В эту вторую ночь в колхозе «Победа» Таусену плохо спалось: он лежал с открытыми глазами и думал, думал. Он был один в комнате. За окном стояла беззвездная осенняя ночь. Какое-то едва уловимое поскрипывание по временам возникало неизвестно где, и, властно перекрывая его, звучал сверчок, равномерно, как тиканье часов. Его однотонная домовитая музыка не мешала думать.
Перед Таусеном проходила его жизнь.
Уютное беззаботное детство. Тихая Христиания. Годы научной работы. Мария — его друг и помощник, ее доброе энергичное лицо… Сын… Кто знает, как сложилась бы его жизнь, если б он не потерял их? И — буря, налетевшая на мир, буря, от которой он ушел, спрятался на острове…
«Мария, — думал Таусен, — если бы это было теперь… Она могла бы жить…
Надо узнать, как они победили рак…»
И вдруг эти два молодых человека появилась на острове, и за какую-нибудь неделю все переменилось, вся жизнь сместилась, и вот он здесь, среди людей.
И он уже не тот, каким был в течение десятилетия… И совсем новая, большая жизнь раскрывается перед ним. Новая жизнь? Но ведь ему семьдесят лет. Ну так что же! Он меньше всего хочет теперь думать о смерти. В этой стране, куда он вступил вчера вечером, смерть побеждают так, как еще нигде и никогда не побеждали.

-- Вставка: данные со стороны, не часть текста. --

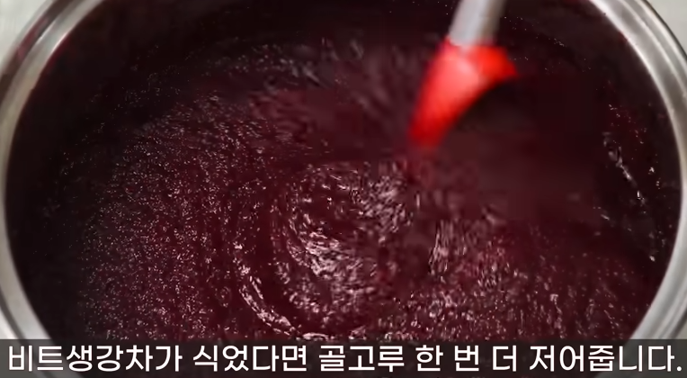 비트생강차가 식었다면 골고루 한 번 더 저어줍니다.
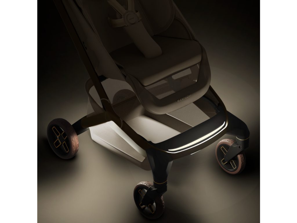 Velká stříška s UPF 50+ chrání dítě před sluncem a vytváří příjemný stín v horkých dnech. Elegantní vzhled doplňuje ergonomická rukojeť z veganské kůže, která se pohodlně drží, a je možné dokoupit i madlo před dítě potažené veganskou koženkou. Odnímatelný sedák umožňuje vytvořit cestovní systém Maxi-Cosi – kočárek je kompatibilní s autosedačkami Maxi-Cosi kategorie 0 (například Maxi-Cosi Coral Slide Pro) i s korbičkou pro novorozence, které se prodávají samostatně. S adaptéry pro autosedačku tak získáte kompletní cestovní systém od narození do 4 let.
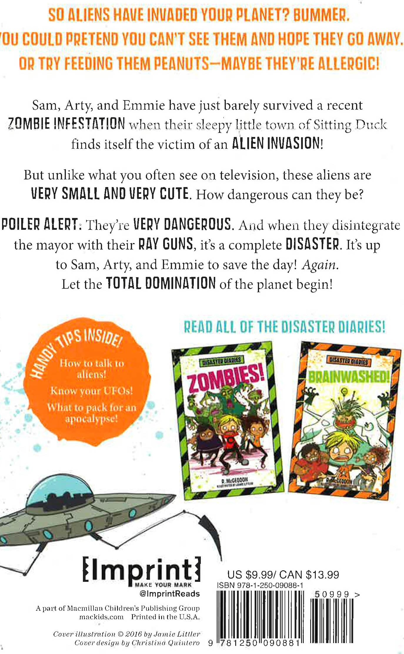 This series from author R. McGeddon is a must for young readers who plan on surviving the highly probable alien invasion that should be happening somewhat soon-ish. Disaster Diaries: Aliens! offers helpful tips to survive this encounter. (Hint: Pretend you can't see the alien and hope it goes away). In fact, your very life may depend on experiencing the laugh-out-loud hijinks and catastrophic escapades that can only be found in the town of Sitting Duck.
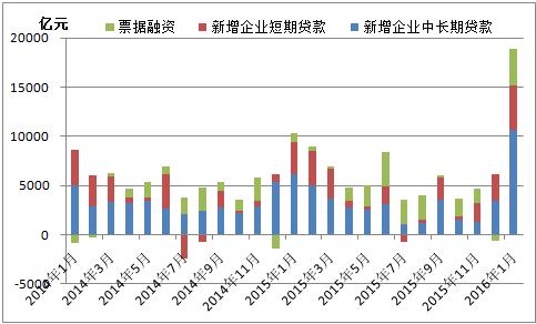 图二:企业中长期贷款、短期贷款、票据融资增量走势
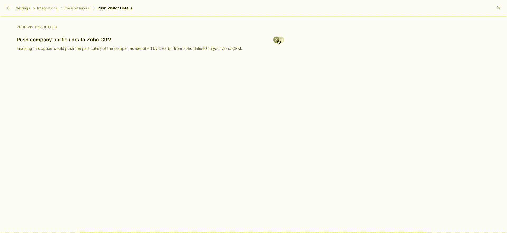 1. In Zoho SalesIQ, navigate to   Settings -> Integrations -> Clearbit (Reveal)  under  Business Intelligence, and click  Push Visitor Details to Zoho CRM.
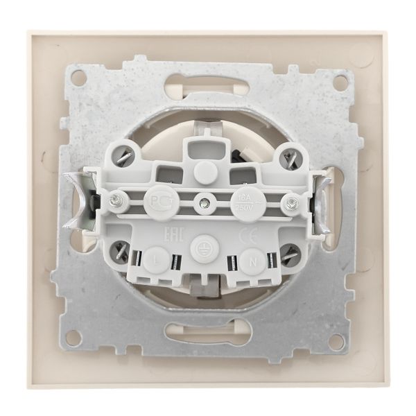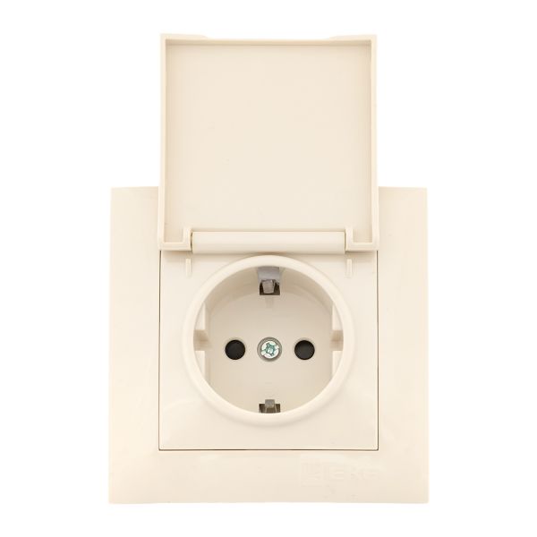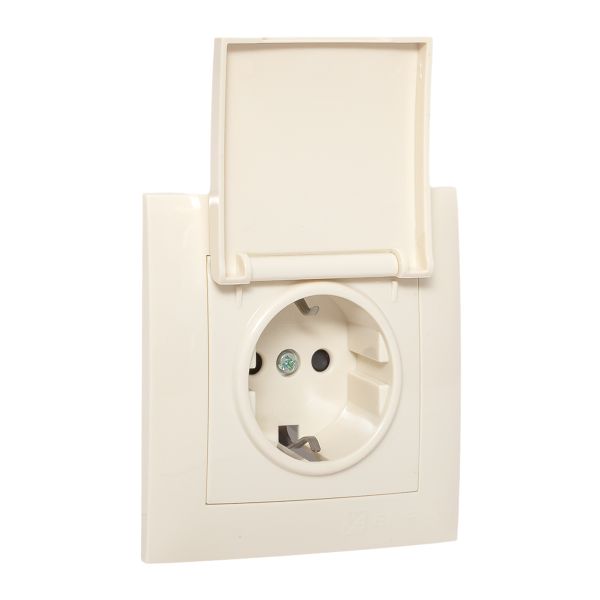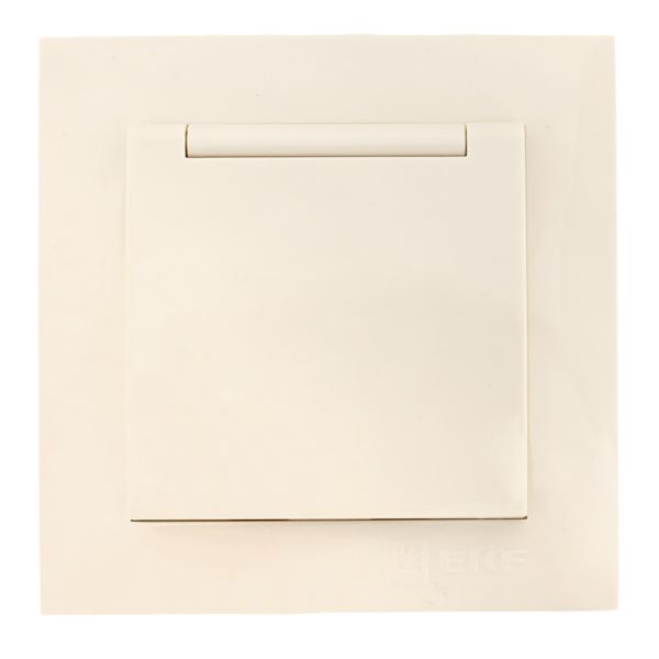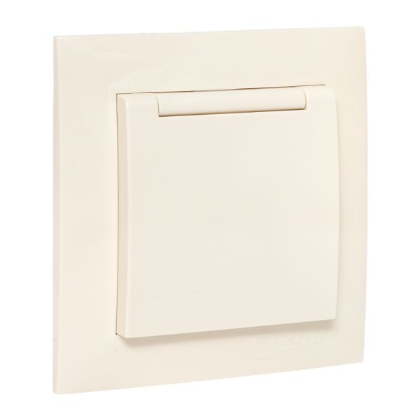 Валенсия розетка 1-местная с/з 16А кремовая с крышкой и защ. штор. EKF |

В соседней комнате тоже не спал Гущин. Он крепко уснул с вечера, но потом внезапно проснулся. Он слышал ровное дыхание спавших с ним в одной комнате Цветкова и Кнуда и старался не шевелиться, чтобы не разбудить их. В его памяти теснилось пережитое за последние две недели: поездка на Север, необычайная прелесть ночи на дрифтере, неожиданный свирепый, бешеный шторм, внезапное пробуждение на острове — в этом странном, неправдоподобном мирке, с талантливым ученым-чудаком. (А ведь Рашков верно предсказал!) И эти саамы!

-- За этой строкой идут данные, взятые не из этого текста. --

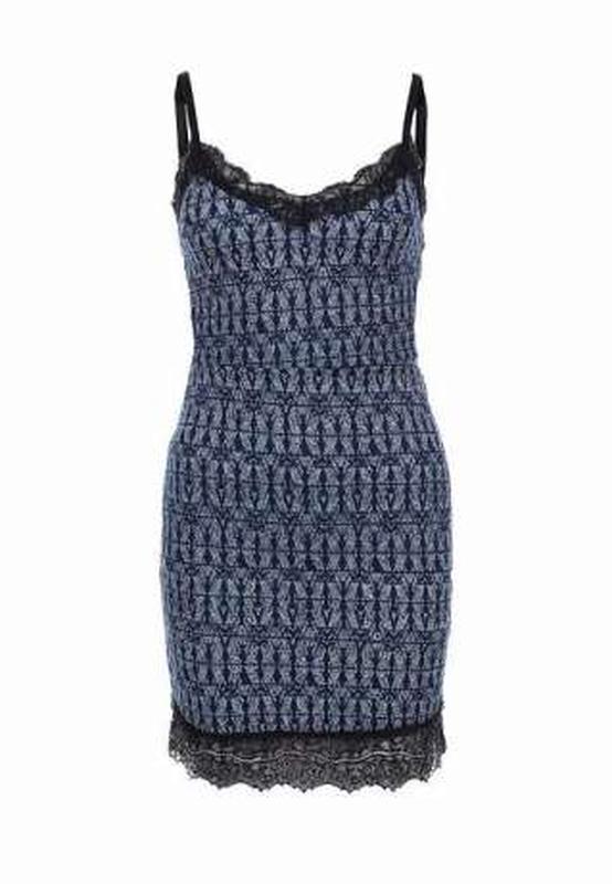 Платье от Jennyfer выполнено из мягкого на ощупь эластичного материала синего цвета. Модель прилегающего силуэта. Детали: V-образный вырез; эластичные регулируемые бретели; потайная застежка на молнию на спинке; геометрический узор; черные кружевные вставки.
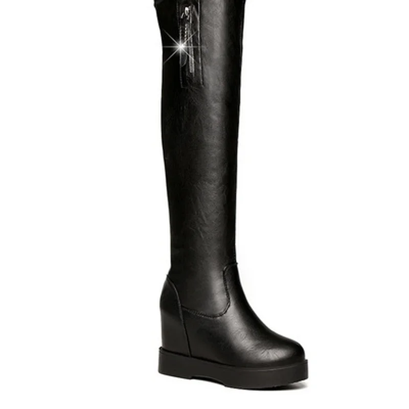 Женские сапоги выше колена, зимние сапоги на меху, из мягкой кожи, на молнии
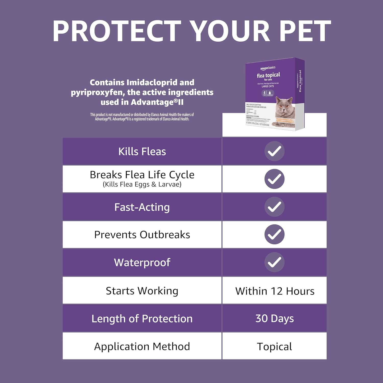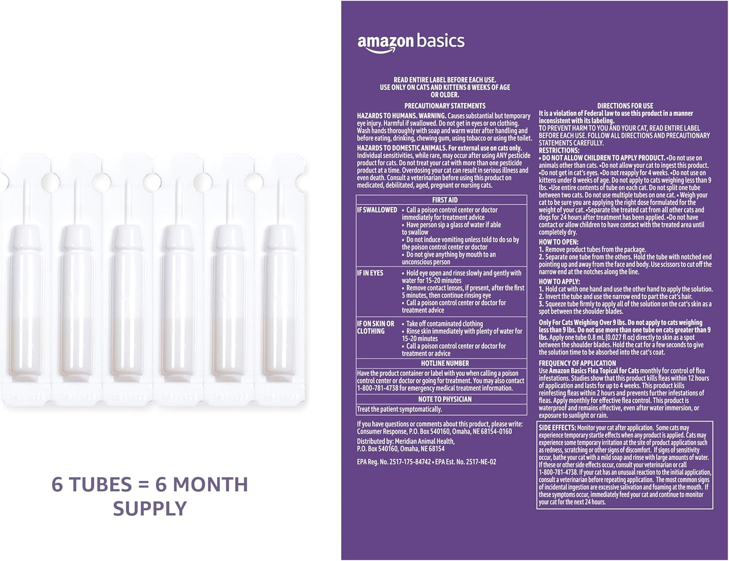 Product Description SUITABLE CAT FLEA MEDS FOR LARGE CATS: Specifically formulated for cats weighing over 9 pounds, offering targeted flea control with our dedicated cat flea meds for your furry companion. From the Manufacturer Amazon Basics

Невероятная судьба Таусена, его нелепое отшельничество. Как-то воспримет он новую жизнь?!
Пожалуй, Юрий был вчера прав: материала хватит на целый роман. Разве это не благодарнейшая тема для романа — душевный перелом, который назревает в Таусене при его столкновении с новым для него миром?! Почему бы Гущину не написать и в самом деле этот роман? Ему необходимо ближе приглядеться к Таусену.

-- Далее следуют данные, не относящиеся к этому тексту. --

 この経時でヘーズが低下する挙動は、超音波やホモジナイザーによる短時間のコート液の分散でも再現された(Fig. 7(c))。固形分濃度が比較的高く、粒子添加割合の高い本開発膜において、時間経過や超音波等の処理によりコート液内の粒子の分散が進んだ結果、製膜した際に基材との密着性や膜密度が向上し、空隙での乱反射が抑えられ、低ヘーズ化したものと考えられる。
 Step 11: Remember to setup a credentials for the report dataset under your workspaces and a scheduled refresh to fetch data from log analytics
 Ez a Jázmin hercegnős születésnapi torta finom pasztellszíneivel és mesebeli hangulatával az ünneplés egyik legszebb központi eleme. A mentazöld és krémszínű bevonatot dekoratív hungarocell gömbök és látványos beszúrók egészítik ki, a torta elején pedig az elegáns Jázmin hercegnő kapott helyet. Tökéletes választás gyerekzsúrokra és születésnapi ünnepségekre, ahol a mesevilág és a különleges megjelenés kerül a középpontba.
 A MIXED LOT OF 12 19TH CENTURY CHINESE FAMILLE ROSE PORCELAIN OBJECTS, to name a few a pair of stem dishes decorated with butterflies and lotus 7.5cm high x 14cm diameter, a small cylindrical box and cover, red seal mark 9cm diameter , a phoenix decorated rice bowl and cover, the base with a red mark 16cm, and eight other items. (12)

Напрасно боится Гущин пошевелиться — его друг Юрий тоже не спит, а Кнуд после всех впечатлений за день так крепко уснул, что вряд ли даже гром его разбудит.
Цветков вспоминает, как ужасно было на острове чувствовать полную оторванность от жизни. А потом — внезапный вихрь событий: борьба гигантских зверей, охота на тигров, неожиданное появление Петрова, и вот они на Большой земле… Сегодня или завтра он увидит мать и товарищей по лаборатории и вернется к работе.
Длинны на Севере осенние ночи! Еще и рассвет как следует не наступил, а часовая стрелка уже отметила начало утра. Заскрипели двери, кто-то двинул громко стулом, послышался энергичный, деловой голос Миронова. А за закрытым окном раздалось мычание коровьего стада. Много лет не слышал Таусен коровьего мычания, и в это утро он наслаждался этими негармоничными звуками, как отрадной музыкой.
На острове Таусен привык вести размеренную жизнь и вставать рано. Но события последних дней совсем выбили его из колеи. Он взглянул на свои старые карманные часы, лежавшие на тумбочке у кровати. Давно уж он не вставал так поздно!
— Ну, дорогой Таусен, сегодня мы с вами прощаемся, — сказал Рашков за завтраком.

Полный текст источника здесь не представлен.